Dry hide glue must be returned to a liquid state prior to mixing with pigment paste. There are various ways to prepare hide glue and much depends on personal preference. I like to soak the glue in water, ideally overnight, before slowly heating it up to thick syrup. It will eventually have the consistency of honey or molasses. You can purchase an expensive electric glue pots, use a double boiler on a stove top, or even a crockpot on the “low” or “warm” setting. Some people are very particular about this, but I am not. The big thing is to make sure that the glue doesn’t boil. Think of preparing hide glue like green tea, find the perfect temperature below boiling.

The quality and type of the glue will either make the syrup appear murky or clear. Reconstituted hide glue is further diluted with water – one part syrup to one part water to make “strong size.” Some artists used strong size alone to seal the fabric’s surface when painting with dye. Others mixed whiting into the strong size and create a primer for the fabric prior to painting a backdrop with dry pigment.

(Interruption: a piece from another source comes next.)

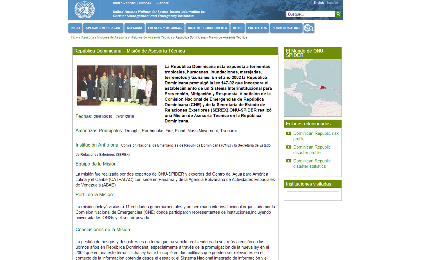 By making available relevant content of the Portal, such as selected Regional Support Offices, mission profiles and emergency mechanisms in the Spanish language, the UN-SPIDER team aims to allow more users from Latin America and the Caribbean, where UN-SPIDER has already conducted numerous activities, to benefit from the resources made available on the website. Users can easily switch between the Spanish and the English version by clicking the corresponding language buttons at the upper right corner of the page.

Strong size is further diluted with water to make working size, or size water. Due to the natural properties of the binder, once transformed into a liquid state, there is a very limited shelf life. It rots fairly quickly and smells of death. A way to prevent the quick failure of size water is to store it in a glass container and refrigerate it. You also never put size water in a plastic container, especially one that had been previously used to store another substance. Foreign properties will leach out of the plastic. You also never place the glue in an airtight container, otherwise you create your own little smelly science experiment. I plan accordingly and make fresh size each day as the age will also affect the efficacy of this binder.

My glue supplier is Bjorn Industries out of North Carolina.  I have discussed my need for animal glue during restoration projects with their chemist and he recommended the product HC351. It is fairly clear, strong, and remains slightly flexible when properly prepared. Rabbit skin glue is my second favorite to work with as an alternative, but it is extremely strong and can set up too quickly.

If binder were not mixed with the dry pigment paste, the color would could not stick to the fabric surface. It would simply dust off over time. Poor preparation, high humidity and other factors can cause the binder to fail, allowing the pigment to eventually release from the fabric. This is a common problem with historical scenery collections. It is also a health hazard. Many dry colors are quite toxic if they become airborne and or inhaled. However, this is not solely an issue with historic dry pigment. ALL paints are toxic if allowed to become airborne and are inhaled. Think of spray paint. Many people often don’t understand the health hazards related to our seemingly “safe” and current pre-mixed products, especially the water-based versions. You have to know what you’re doing, be aware of your surroundings, and stay safe.

Wet and dry version of paint made with dry pigment and diluted hide glue.